The plow and trip mechanism were designed to work properly with the A-frame level when plowing, having it out of level puts more stress on everything.


----------



## John DiMartino (Jan 22, 2000)

All my A frames are angled slightly toward the blade-if the were straight the frame would be dragging when you transport,the only trucks Ive seen that are level are big town trucks.If mine were levle the bottom of the mount would be only 4" off the ground plowing and about 2" when raised-Ill keep mine the way it is for safelty and clearance.


----------



## 2401 (Feb 3, 2001)

Good point John - I should have mentioned that it does depend on just how much the A-frame is out of level. A little is OK, a lot can cause problems. Thanks for bringing that up.


----------



## captjack (Dec 31, 2000)

do you guys think that the a frame should line up with 
the holes when it is resting on the stand. in other words 
when you drive the truck up to it , it should line up with the holes on the mount. right now i have to pick the frame up several inches to get the pins in the holes. i have to put a 2x4 under the stand when i take it off the truck and it still drops when i pull the pins out. 
the mount on the trk can be lowered, it looks like about 8 bolts and then move it down a couple holes and put the bolts back in. i just want to know the right height of the pin holes to the ground. i did not get a set of instructions on mounting the mount to the truck when i bought it. my dealer says it is ok but..... it don't look right to me


----------



## Guest (Mar 9, 2001)

my mount is 10" to center of holes.

A frame is level with ground and when carrying the plow my frame doesn't hit.

Greg


----------



## BillNero (Jun 17, 2000)

*Coupling Height*

For what it's worth -

Western recommends 9.5" to 10" from ground to center of holes on the "Ears" of the a-frame.

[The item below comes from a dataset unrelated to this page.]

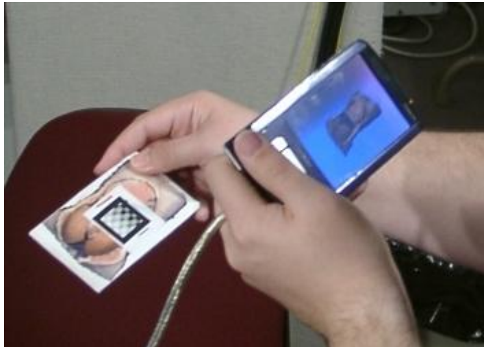
Fig. 2. Handheld prototype. The prototype uses a PointGrey DragonFly [23] camera mounted on the PDA (in the left hand). The prop (in the right hand) has a printed image of our training torso on it, along with a grayscale pattern. We use ARToolkit [24] to track the surrogate with respect to the PDA (remote.)

and a PDA that is tracked relative to the prop. In our prototype, a specially designed PDA cover serves as the prop. The advisor holds the prop (PDA cover) in one hand and the PDA in the other, moving them around with respect to each other as needed to obtain the desired view. This provides the advisor with an instant visual target to aim their “magic lens” at, and also affords new ways of inspecting the remote scene. For example, an advisor can rotate the prop to quickly get a different view, rather than spending time and energy walking around to the other side. As a bonus, tracking a PDA relative to another object is a much more tractable problem than tracking a PDA relative to the world.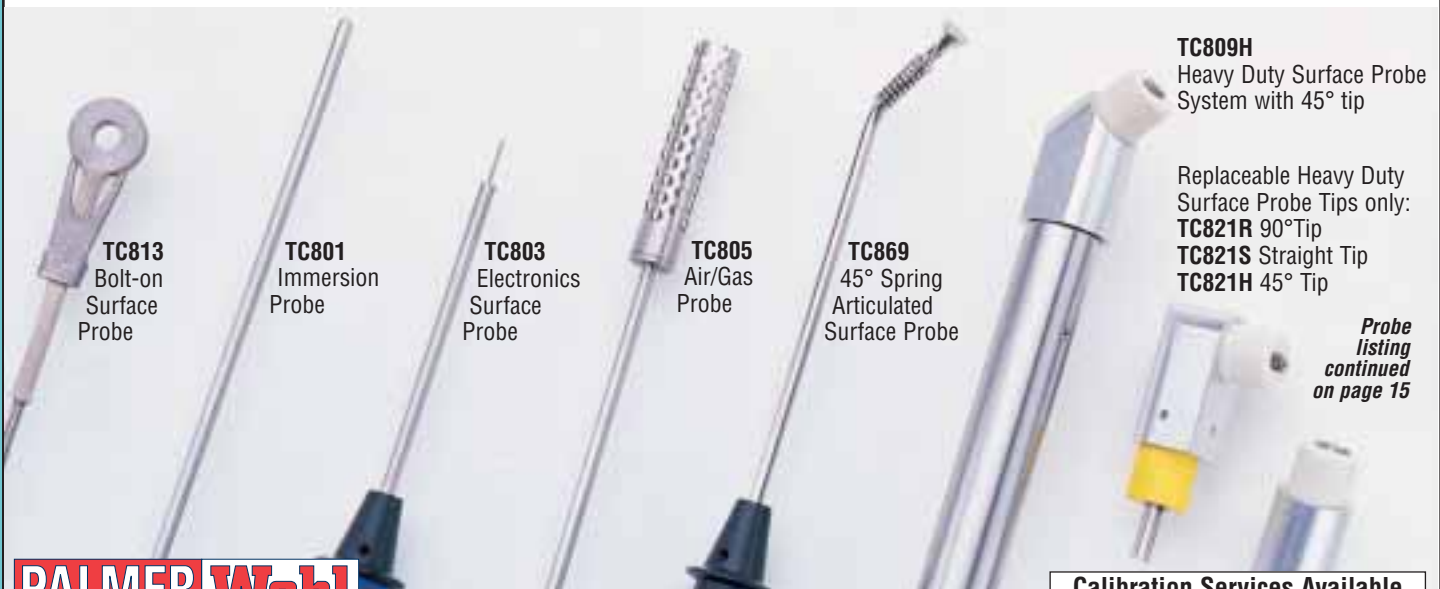
TC813 Bolt-on Surface Probe

Response time legend (to 99% of 212°F): (1) clean hot plate surface, (2) immersion in boiling water (3) immersion in liquid solder bath

If your lower than that - more force is needed to "Trip" the moldboard. Any higher than the 10.5" and the blade tends to skip over the snow or obsticales - the higher it is the worse job of cleaning it will do.

We try to set all a frames on a Western to 10.5" or 11".

THINK SNOW!

Bill


----------



## torque20 (Mar 17, 2001)

*not a factor*

the height is not a factor,the blade will trip just the same.the force relies on PIN and SPRING strenghth.you seem to have an advantage though by having a DOWNWARD TILT.also,keep your chain CHOKED at a proper height for following the road terrain ,reverse your cutting edge annually,should be fine.

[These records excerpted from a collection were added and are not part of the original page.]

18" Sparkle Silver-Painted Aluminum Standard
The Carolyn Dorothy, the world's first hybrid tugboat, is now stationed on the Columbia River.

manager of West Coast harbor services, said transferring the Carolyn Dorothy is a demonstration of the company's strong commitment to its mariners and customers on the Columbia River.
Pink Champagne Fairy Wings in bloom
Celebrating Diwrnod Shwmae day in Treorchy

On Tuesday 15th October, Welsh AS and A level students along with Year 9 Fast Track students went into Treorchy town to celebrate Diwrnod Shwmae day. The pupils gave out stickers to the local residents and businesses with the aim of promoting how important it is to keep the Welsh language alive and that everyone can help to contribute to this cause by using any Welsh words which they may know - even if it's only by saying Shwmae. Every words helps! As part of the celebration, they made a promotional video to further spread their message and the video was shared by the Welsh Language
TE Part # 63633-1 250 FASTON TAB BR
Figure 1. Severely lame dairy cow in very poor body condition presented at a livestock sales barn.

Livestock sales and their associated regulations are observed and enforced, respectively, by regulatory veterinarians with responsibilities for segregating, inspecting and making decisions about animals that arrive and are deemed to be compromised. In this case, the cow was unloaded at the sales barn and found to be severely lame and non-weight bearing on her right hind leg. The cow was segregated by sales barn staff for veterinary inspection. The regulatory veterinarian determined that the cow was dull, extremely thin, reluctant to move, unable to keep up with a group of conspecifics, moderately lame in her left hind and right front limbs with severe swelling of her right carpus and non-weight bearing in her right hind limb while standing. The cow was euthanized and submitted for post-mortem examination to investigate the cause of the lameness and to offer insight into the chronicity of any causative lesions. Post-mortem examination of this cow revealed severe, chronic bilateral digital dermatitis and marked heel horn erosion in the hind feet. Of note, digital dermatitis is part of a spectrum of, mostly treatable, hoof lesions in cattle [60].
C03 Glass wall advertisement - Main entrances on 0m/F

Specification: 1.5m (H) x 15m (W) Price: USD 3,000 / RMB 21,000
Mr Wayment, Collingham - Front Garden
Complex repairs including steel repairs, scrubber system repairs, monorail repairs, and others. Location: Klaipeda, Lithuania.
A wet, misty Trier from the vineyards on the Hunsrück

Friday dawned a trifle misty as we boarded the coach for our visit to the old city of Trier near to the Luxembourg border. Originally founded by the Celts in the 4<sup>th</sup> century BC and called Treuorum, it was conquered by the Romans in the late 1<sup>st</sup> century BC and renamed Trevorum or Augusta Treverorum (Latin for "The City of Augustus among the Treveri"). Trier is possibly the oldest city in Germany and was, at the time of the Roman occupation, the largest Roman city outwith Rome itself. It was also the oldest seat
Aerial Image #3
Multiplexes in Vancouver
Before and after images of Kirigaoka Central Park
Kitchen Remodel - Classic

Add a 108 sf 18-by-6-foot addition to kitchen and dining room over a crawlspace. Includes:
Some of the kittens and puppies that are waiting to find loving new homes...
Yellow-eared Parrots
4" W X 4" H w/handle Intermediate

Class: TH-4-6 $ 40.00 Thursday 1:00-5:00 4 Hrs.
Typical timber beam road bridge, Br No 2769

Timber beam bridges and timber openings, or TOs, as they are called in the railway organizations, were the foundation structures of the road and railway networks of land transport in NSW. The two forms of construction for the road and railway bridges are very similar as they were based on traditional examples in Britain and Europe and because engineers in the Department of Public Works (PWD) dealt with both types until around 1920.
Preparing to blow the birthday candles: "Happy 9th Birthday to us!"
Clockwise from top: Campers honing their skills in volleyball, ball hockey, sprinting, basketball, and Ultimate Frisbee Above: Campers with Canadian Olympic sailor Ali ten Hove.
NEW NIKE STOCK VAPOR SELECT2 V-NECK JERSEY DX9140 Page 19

[Edited by torque20 on 03-17-2001 at 11:25 AM]


----------



## plowking35 (Dec 21, 1999)

Height does matter. The mounting height is directly related to plow performance. If the mount is to high, the blade will not make good contact at full angle. I have seen some mounts to high, and the plow would lift off the ground at ful angle.
I think the plow makers do know a litle about their line of work, if they have suggested plow mount height requirements, then I think you should follow that advice.
Also with the blade to high, it exibite more down froce on the cutting edge, causing it to trip easier. To low, and it will trip harder.
Bill Nero knows what he talking about, he owns a large plow parts warehouse, and installation shop.
Dino


----------



## torque20 (Mar 17, 2001)

*not a factor*

the plow at full angle you are referring to probably was not in the FLOAT position.i service and install meyer, western and boss products ,i believe i know exactly what i am talking about.


----------



## Alan (Mar 2, 2000)

Sorry torque 20, the height and angle of the A-frame most definately DO matter. If you get a trip with the A-frame angled down it will tend to hold the blade tripped in addition to making tripping more likely. We had a user here who was having problems with his blade staying tripped after he added front springs, the change in A-frame angle was causing that. I don't much care how many brands you sell, the geometry has to be right for them to work right.


----------



## Bryan (Mar 17, 2001)

*Height and Angle does matter*

Just wanted to jump in on the conversation. I'm not saying that anyone doesn't know how to put on snowplows here, just saying that height and "A" frame angle does matter to every snow plow made on the market. For instance Sno-Way states 9-11" on the GMC. It is also stated in our installation manual that if this is not correct, then the plow will not perform properly. Further more, shock points change and where damnage can occur also will change. Just as Mr. Nero stated Western specs. Everyone has specs for a reason, if these specs are found to be improper then someone will pay the price.


----------



## torque20 (Mar 17, 2001)

*Invest in some springs or return shock*

stressed springs will tend to (not return as quickly as a set of new ones), im not saying the angle should be at 45* or 90* end of debate.


----------



## plowking35 (Dec 21, 1999)

The plow was in the float position. PLease listen to the others here, its is obvious that you have limited experience with plow installs. Now I am sure you will be ok with 1-2" higher than the specs suggest, however more than that and you will run into problems. End of debate.
Dino


----------



## # 1 PLOWTECH WES/MEYER (Sep 9, 2000)

Torque, height matters,thats why they give the spec on the installation instructions. If it didnt matter some people would put the mount frame 2 inches of the ground because its the only they can get it to work. We adjust frames to the PROPER recommended height all the time due to improper installation from other installers. #1PT.


----------



## DanO (Dec 16, 2016)

After all the above, I too am reinstalling a Meyers conventional on a 2004 Ram 2500. On the existing truck (W250) the mount was only 4 inches to center of the pins from the ground and seemed to slope back towards the truck severely. Is there a Meyers suggested height or should I shoot for level or a little higher?


----------



## FordFisherman (Dec 5, 2007)

Not sure on the recommended height, but dont ask Torque20, that dude was way lost man...


----------



## FordFisherman (Dec 5, 2007)

Awesome revival man


----------